Sheets 3, 4. Belle Plains formation. Formation further subdivided to include Voss shale member between Jagger Bend limestone member above and the Elm Creek limestone member below. [Age is Permian.]

Source: US geologic names lexicon (USGS Bull. 1200, p. 287-288).


Map showing publication footprint
  • Usage in publication:
    • Belle Plains formation
  • Modifications:
    • Mapped
  • AAPG geologic province:
    • Bend arch
Publication:

Moore, R.C., 1949, Rocks of Permian(?) age in the Colorado River Valley, north-central Texas: U.S. Geological Survey Oil and Gas Investigations Preliminary Map, OM-80, scale 1:63,360


Summary:

Sheet 2. Belle Plains formation. Described in Colorado River valley as a formation. Consists mainly of gray limestone beds, 1 to 5 feet thick, separated by shale or marl in beds of comparable thickness. Near Colorado River is 400 feet thick. Includes (ascending) Jim Ned shale, Elm Creek limestone, Voss shale, Jagger Bend limestone, Valera shale, and Bead Mountain limestone members. Overlies Admiral formation; underlies Grape Creek member of Clyde formation; boundary somewhat arbitrarily defined. Age is Early Permian (Leonard?).

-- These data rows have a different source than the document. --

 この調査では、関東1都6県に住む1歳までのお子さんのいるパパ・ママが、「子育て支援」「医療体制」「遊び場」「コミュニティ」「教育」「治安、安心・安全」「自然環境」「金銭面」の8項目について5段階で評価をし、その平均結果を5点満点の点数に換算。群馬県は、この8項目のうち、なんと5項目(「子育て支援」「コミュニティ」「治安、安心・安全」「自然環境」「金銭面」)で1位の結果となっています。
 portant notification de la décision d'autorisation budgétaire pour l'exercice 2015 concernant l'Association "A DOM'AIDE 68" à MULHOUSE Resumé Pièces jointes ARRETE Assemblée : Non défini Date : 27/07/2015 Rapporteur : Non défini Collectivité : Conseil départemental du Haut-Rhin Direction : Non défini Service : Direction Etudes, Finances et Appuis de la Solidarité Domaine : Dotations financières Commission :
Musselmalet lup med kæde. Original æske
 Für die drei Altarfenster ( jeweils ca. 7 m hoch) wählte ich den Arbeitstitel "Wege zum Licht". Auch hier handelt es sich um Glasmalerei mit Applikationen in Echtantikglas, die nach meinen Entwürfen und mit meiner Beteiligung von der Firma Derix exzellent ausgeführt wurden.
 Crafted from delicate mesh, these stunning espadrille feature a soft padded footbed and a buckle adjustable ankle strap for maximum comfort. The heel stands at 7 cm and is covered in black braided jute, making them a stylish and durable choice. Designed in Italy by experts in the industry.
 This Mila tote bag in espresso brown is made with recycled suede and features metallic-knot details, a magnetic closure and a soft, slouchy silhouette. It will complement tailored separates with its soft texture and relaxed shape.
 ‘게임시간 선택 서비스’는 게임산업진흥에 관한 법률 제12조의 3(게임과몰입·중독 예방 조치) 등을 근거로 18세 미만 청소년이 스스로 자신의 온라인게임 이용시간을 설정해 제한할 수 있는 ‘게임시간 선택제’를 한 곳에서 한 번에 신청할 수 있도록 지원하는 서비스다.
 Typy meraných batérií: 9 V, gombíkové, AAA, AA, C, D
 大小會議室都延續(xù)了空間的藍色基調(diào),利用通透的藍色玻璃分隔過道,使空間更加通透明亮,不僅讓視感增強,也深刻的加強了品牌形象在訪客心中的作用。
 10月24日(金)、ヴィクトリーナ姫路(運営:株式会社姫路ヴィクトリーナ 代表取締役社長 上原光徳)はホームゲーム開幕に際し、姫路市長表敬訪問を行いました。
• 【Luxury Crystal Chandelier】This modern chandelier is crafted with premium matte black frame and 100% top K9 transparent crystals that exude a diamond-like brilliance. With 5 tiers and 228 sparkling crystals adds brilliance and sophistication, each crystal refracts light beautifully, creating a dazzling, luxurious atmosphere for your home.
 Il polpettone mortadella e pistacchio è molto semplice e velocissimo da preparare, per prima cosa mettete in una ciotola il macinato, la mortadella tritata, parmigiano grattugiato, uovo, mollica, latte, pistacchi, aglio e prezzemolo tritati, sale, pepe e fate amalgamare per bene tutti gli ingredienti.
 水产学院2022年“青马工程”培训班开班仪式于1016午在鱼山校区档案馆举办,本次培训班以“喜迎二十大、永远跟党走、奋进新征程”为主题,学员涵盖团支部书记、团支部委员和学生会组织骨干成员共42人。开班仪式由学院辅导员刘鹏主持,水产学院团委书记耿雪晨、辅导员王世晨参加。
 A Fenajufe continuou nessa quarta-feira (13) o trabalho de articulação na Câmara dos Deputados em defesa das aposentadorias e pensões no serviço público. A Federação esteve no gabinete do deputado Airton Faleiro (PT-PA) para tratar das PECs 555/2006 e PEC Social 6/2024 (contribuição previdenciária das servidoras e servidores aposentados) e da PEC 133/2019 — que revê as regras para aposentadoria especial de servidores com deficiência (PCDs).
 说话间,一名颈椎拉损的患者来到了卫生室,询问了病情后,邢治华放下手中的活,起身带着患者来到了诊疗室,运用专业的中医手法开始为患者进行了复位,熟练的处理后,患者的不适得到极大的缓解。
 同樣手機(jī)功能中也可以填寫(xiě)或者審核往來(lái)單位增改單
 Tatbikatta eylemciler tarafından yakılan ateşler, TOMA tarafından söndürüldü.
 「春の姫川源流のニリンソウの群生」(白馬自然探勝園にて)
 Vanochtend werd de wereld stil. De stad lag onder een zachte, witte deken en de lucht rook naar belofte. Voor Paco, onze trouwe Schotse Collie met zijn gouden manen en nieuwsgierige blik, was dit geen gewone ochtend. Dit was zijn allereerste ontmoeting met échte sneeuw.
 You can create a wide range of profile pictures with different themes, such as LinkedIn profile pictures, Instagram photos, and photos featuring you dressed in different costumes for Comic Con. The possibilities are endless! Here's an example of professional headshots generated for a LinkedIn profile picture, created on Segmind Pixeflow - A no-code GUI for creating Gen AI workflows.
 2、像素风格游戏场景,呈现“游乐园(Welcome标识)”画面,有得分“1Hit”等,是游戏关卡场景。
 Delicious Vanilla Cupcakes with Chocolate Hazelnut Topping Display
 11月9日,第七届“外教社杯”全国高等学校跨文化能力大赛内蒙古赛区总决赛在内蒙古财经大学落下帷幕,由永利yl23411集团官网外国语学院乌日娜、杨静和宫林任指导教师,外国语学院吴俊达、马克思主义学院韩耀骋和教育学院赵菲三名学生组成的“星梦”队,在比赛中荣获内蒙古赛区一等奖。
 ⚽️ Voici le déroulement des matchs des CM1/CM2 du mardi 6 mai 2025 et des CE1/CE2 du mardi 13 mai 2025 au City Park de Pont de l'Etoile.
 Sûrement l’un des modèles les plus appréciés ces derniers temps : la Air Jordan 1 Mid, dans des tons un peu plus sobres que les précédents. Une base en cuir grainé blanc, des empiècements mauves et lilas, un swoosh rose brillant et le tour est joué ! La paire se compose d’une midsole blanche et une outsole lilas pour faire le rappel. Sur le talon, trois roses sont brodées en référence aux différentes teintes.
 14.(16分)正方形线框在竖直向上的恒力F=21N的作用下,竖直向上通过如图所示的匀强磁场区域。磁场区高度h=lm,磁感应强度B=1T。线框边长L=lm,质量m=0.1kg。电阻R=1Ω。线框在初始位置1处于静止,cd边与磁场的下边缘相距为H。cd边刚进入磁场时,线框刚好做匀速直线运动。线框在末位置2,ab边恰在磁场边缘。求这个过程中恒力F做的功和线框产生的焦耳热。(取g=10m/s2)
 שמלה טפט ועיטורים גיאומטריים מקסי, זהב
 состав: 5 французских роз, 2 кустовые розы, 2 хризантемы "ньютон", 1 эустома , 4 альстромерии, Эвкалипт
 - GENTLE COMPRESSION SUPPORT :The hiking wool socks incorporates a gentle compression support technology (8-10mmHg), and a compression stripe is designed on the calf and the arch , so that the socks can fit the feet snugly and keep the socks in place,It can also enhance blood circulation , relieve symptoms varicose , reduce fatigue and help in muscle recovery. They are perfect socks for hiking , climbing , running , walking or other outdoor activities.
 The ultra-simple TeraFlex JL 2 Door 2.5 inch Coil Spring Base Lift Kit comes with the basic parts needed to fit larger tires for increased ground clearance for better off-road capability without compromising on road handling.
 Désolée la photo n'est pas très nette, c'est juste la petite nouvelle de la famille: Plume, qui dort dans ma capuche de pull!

Source: Publication; US geologic names lexicon (USGS Bull. 1200, p. 287-288).


Map showing publication footprint
  • Usage in publication:
    • Belle Plains formation
  • Modifications:
    • Areal extent
  • AAPG geologic province:
    • Bend arch
Publication:

Stafford, P.T., 1960, Stratigraphy of the Wichita group in part of the Brazos River Valley, north Texas, IN Contributions to general geology, 1958: U.S. Geological Survey Bulletin, 1081-G, p. 261-280, (incl. geologic map, scale 1:125,000)


Summary:

Pls. 11, 12. Belle Plains formation. Described in Brazos River area where it is 525 to 640 feet thick. Consists of six members as listed by Moore (1949). Overlies Admiral formation; underlies Clyde formation. [Age is Permian.]